┌─ Source data

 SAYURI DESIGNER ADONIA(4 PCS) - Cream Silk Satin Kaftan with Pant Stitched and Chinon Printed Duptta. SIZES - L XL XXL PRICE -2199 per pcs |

└─
┌─ Source data

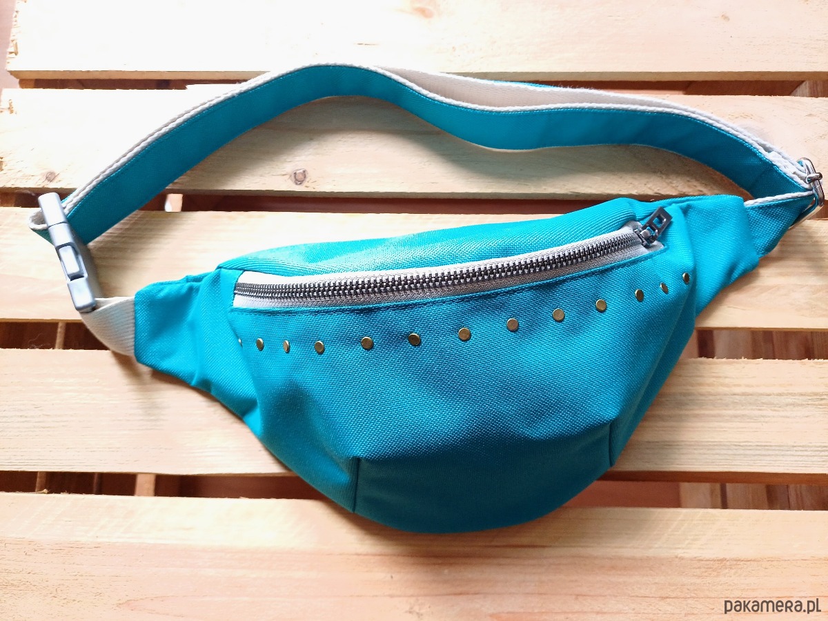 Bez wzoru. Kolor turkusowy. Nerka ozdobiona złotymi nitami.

└─
┌─ Source data

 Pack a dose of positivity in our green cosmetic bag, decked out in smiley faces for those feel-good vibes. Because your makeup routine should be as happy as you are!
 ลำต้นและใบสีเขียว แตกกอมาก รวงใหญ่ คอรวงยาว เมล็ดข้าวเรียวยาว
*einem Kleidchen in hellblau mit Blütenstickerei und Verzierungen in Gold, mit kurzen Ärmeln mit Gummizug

└─

> _Task to carry out_:
Among the records above, repeat exactly the line with "Pack a dose", the line with "Ärmeln mit Gummizug", and every line in between, and only those.

> _Answer area_:
 Pack a dose of positivity in our green cosmetic bag, decked out in smiley faces for those feel-good vibes. Because your makeup routine should be as happy as you are!
 ลำต้นและใบสีเขียว แตกกอมาก รวงใหญ่ คอรวงยาว เมล็ดข้าวเรียวยาว
*einem Kleidchen in hellblau mit Blütenstickerei und Verzierungen in Gold, mit kurzen Ärmeln mit Gummizug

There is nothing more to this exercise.